Chemguide: Support for CIE A level Chemistry
Learning outcome 37: Analytical techniques
37.1 Thin-layer chromatography
Learning outcomes 37.1.1, 37.1.2 and 37.1.3
Make sure that you read the statements as we go through them below.
You need to start by reading the page about thin layer chromatography. We will look more precisely at the syllabus requirements when you have seen the whole thing.
This is just like the paper chromatography you may be familiar with, except that you use something other than paper.
This just wants you to know what the term stationary phase means. This is just the chemical part of the chromatography process which doesn't move. The syllabus specifically mentions aluminium oxide on a solid support, but it could equally well be silica gel on a solid support.
This is about the mobile phase - the liquid used to separate the components of a mixture. It can be polar or non-polar, and the polarity matters. We will talk some more about that in statement 37.1.3.

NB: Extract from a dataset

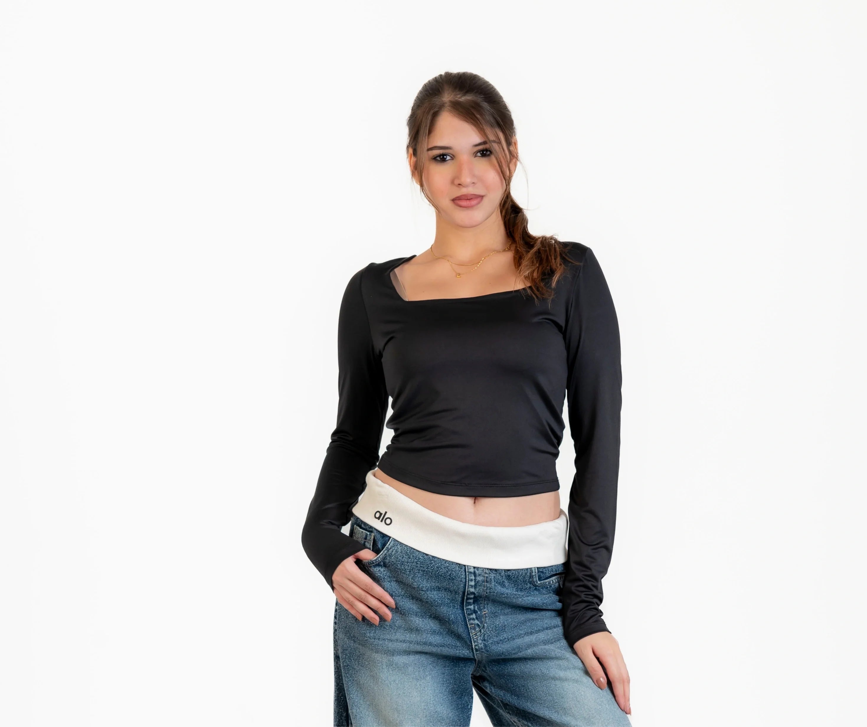 توب ليكرا كم طويل مربع مناسب للشتاء و الخريف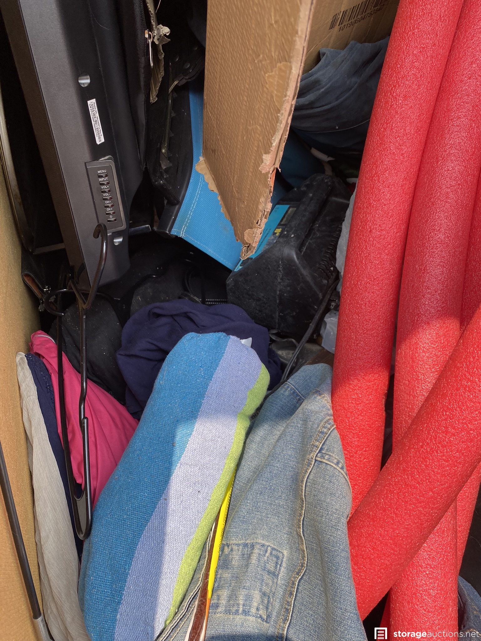Large dresser, TV, tools and various household goods.

The most non-polar solvent would be something like a liquid hydrocarbon where the only intermolecular forces involved are van der Waals dispersion forces.
The most polar would be a solvent like ethanol or ethanoic acid where you have the full range of intermolecular attractions including hydrogen bonding.
Chromatography solvents are frequently a trial-and-error mixture of solvents.
The Rf value is discussed in detail on the page you have read.
The solvent front is the point reached by the solvent as it moves up the plate. The baseline is the pencil line where a spot of the initial mixture is placed.
Make sure that you know how to work out and use Rf values. There has been at least one question where you were expected to work these out from a diagram of a thin-layer chromatogram. See, for example, May/June 2019 paper 42 Q7.
You should also know their relevance to chromatograms where a mixture is run against possible known components. All of this is covered in the page you have read.
This is an important statement, and is covered on the Chemguide page you have read under the title "What separates the compounds as a chromatogram develops?"
You need to consider the intermolecular attractions between the substances in the solution with the solvent (the mobile phase) and with the stationary phase.
For example, if the attractions between the solute and the solvent molecules are strong, and between the solute molecules and the stationary phase are weak, the Rf will be high. The molecule you are investigating will spend more time in the solvent than stuck to the stationary phase.
If you change the solvent so that there is less attraction to the solute molecules, then the solute will spend less time in solution and the Rf value will be less.
If you don't have a really good understanding of the various sorts of intermolecular attractions possible between organic molecules, you aren't going to make a success of this.
A question on this is unlikely to be worth much more than 1 mark, but 1 mark is all you need to lose to possibly miss the grade you need.